Vegetables are low in energy, contribute fairly moderate

quantities of protein and are rich sources of vitamins. They contribute

roughage to the diet when the solid matter is considered. Vegetables

are low in fat, however, fat soluble vitamins (A, E and K) present in

vegetables are soluble. The dietary fibre in vegetables increases bulk

and reduces food transit time in the gastrointestinal tract and the

incidence of constipation and other related diseases (Enwere, 1998;

Purseglove, 1991; lfon and Bassir, 1979; Pearson, 1976; Martin and

Ruberte, 1975).

Vegetables are important sources of minerals and vitamins,

other nutrients, add colour, flavour and appeal to meals (Smith, 1982).

2.1.2 Uses of vegetables

The use to which vegetables are put in the diet depends on the

purpose to be achieved.
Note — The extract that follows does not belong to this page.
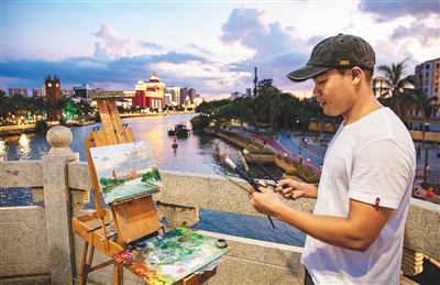 8月2日傍晚,绘画爱好者用画笔记录海甸溪的晚霞风光。约7公里长的海口湾畅通工程二期沿着海甸溪南北两岸分布,优质的滨水公共开放空间和多样化的公共服务设施,已经成为市民游客休闲的好去处。本报记者 李天平 摄

They may be used as major or minor

ingredients in soups, sauces, stews, pottage, porridge and salads to;

(a) enhance the flavours of foods (b) to garnish prepared dish so as to

enhance eye appeal (c) as fillings for sandwiches, pies and Indian egg

rolls and (d) as a critical part of the ingredients in the preparation of

certain dishes such as vegetable soups, vegetable pottage, vegetable

porridge, vegetable parcles and salads (Enwere, 1998).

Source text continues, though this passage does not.